From April 1999 to July 2002, we enrolled pregnant women into Project Viva, a longitudinal pre-birth cohort of mother-offspring pairs in eastern Massachusetts, USA.15 The study protocol was approved by the Institutional Review Board of Harvard Pilgrim Health Care and all participants provided written informed consent at enrollment and follow-up visits. Study population, enrollment and follow-up procedures, have been previously described in detail.16 Briefly, we recruited 2100 women attending their initial prenatal visit (median 9.9 weeks of gestation) at Atrius Harvard Vanguard Medical Associates, a multi-specialty group practice. Eligibility criteria included fluency in English, a singleton pregnancy, gestational age ≤22 weeks at recruitment and no plans to move away from the study area before delivery. We collected data from multiple sources, including interviews/surveys, medical records, examinations and biospecimens. From the 785 who remained under active follow-up and participated in the midlife visit (approximately 18 years after enrollment), we excluded 15 women who did not complete at least 10 items on the MRS, 79 women who were less 45 years old at this visit and did not reach menopause yet, and 57 women who at the time of study recruitment (first visit during index pregnancy) reported having no periods, periods that were too irregular to count or did not know about their menstrual cycles, leaving a final sample size of 634 women with complete data on self-reported menstrual cycle length and menopausal symptoms (Supplemental Figure 1). This study followed the Strengthening the Reporting of Observational Studies in Epidemiology (STROBE) reporting guideline.

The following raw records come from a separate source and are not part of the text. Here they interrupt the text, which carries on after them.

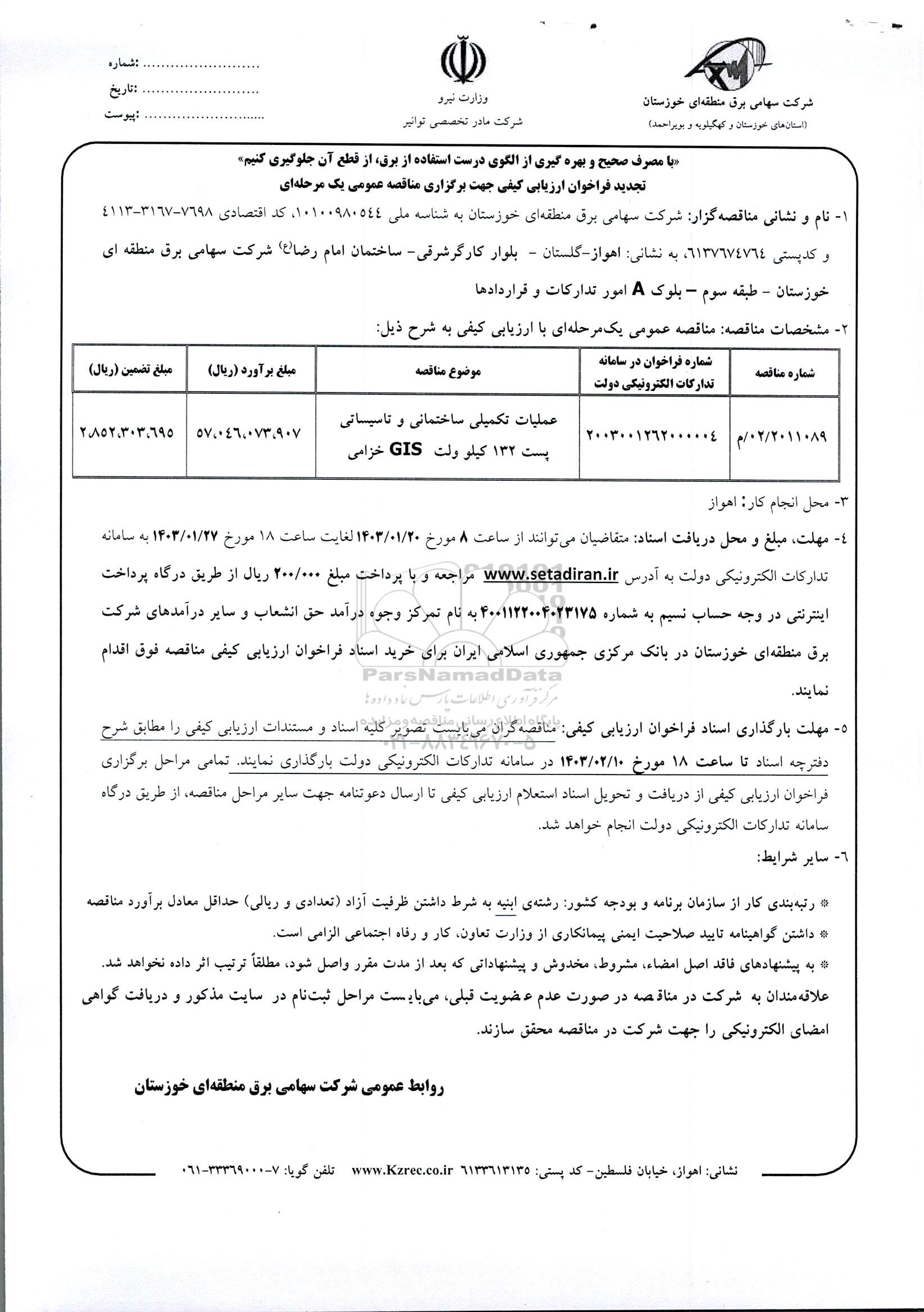| 02/2011089/ م | 2003001262000004 | عملیات تکمیلی ساختمانی و تاسیساتی پست 132 کیوولت gis خزامی | 57.046.073.907 | 2.852.303.695 |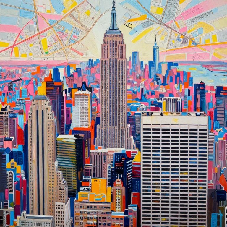 The image is an abstract artistic collage of New York City's landscape, featuring a vibrant and intricate depiction of the city's skyline. The composition includes the iconic Empire State Building, surrounded by other tall buildings, all rendered in a mix of bright, bold colors such as pink, blue, orange, and yellow. The city map is intricately detailed, with various streets and landmarks meticulously drawn. The artwork is created using dry acrylic paint, which gives it a textured, layered appearance. Black pen lines are used to enhance the details and add depth to the scene. The overall composition is dynamic, with elements arranged in a way that creates a sense of depth and perspective, as if the viewer is looking at the city from a distance. The interplay of colors and textures adds to the visual richness of the image, making it a striking representation of New York City's urban landscape.
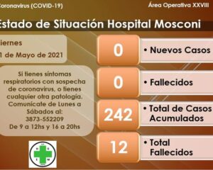 COVID-19: GENERAL MOSCONI NO REGISTRA NUEVOS CASOS POSITIVOS.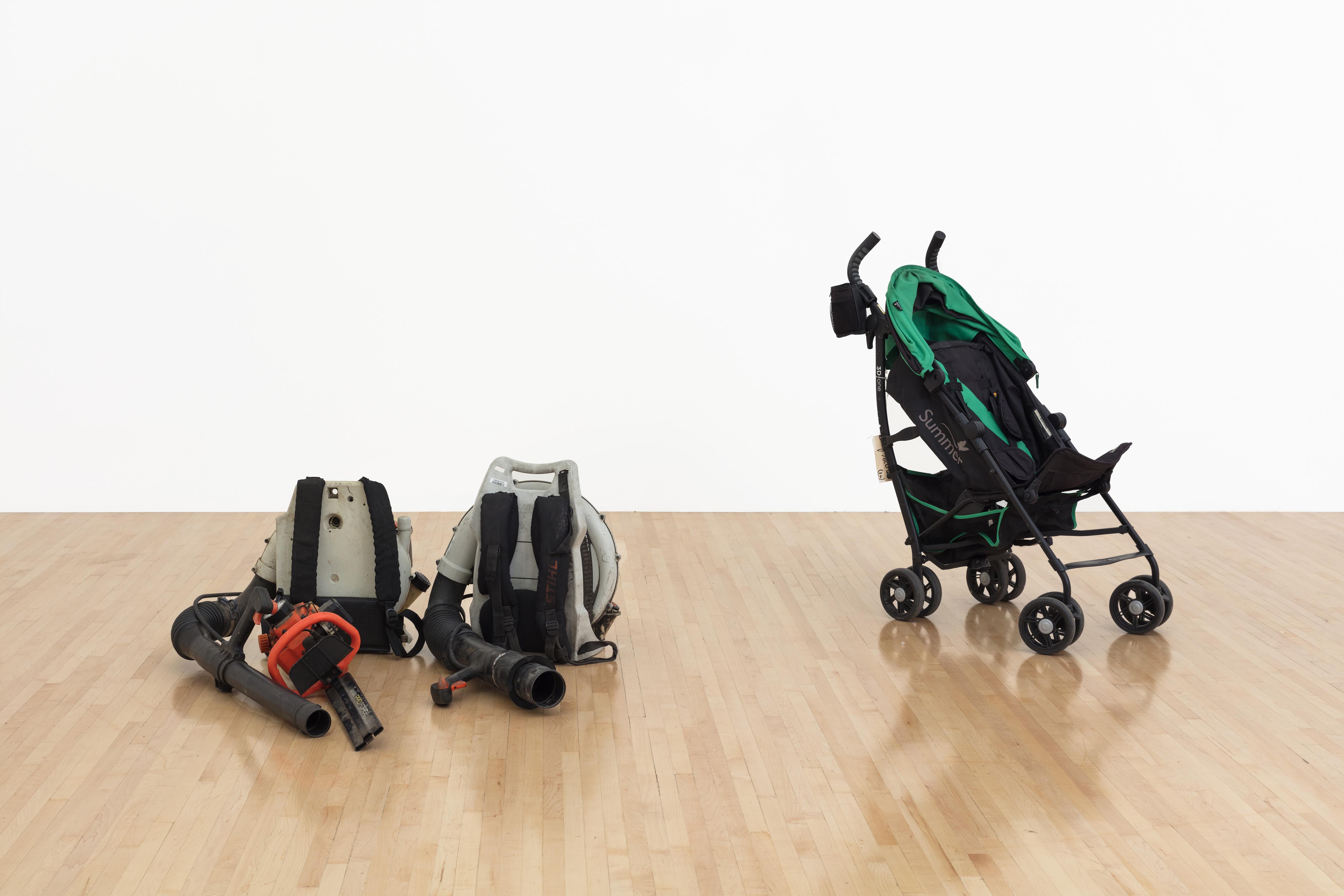 If his text is maximal in content, his installation is absolutely ascetic, exacerbated by the airlessness of the gallery. A concise sequence of objects and documents are distributed around the perimeter of the room. What commands the mise en scène is an ensemble of humble objects. Two bundles of bicycles lean against opposite walls, two portable leaf blowers and a hedge trimmer sit on the floor, and a single stroller is parked nearby. It is an offbeat assortment of things, each visibly worn with use and each conjuring some form of human mobility. The items capture an awkward temporality, as if they—and/or their previous owners—were en route somewhere, though intercepted along the way.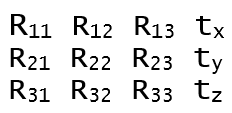 where Rij are the components of the row-major rotation matrix R and [t<sub>x</sub>, t<sub>y</sub>, t<sub>z</sub>]T is the translation vector (in meters). The transformation expresses the D435 depth frame (which coincides with the left infrared imager) with respect to the T265 body frame (as defined in the Tracking Camera Datasheet). Please also refer to Figure 1 for a visualization of the coordinate frames.

Self-reported menstrual cycle length

On a questionnaire administered at study enrollment in early pregnancy, women were asked “When you are not on the pill, breastfeeding or pregnant, what is the typical length of your menstrual cycle? By this we mean the interval from the first day of your period to the first day of your next period”. Responses included: “less than 21 days, 21 to 25 days, 26 to 34 days, more than 35 days, too irregular to estimate, no periods, and don’t know”. Because only 6 women reported a typical cycle length of less than 21 days, we combined women in this group with women reporting a typical cycle length of 21 to 25 days (n=84) into a single category (n=90) and considered this group as short menstrual cycle length. As a result, for statistical analyses we used history of menstrual cycle length as three-category variable: <=25 days, 26–34 days and >=35 days. We excluded women who reported too irregular to estimate (n=31), no periods (n=1) or don’t know (n=25).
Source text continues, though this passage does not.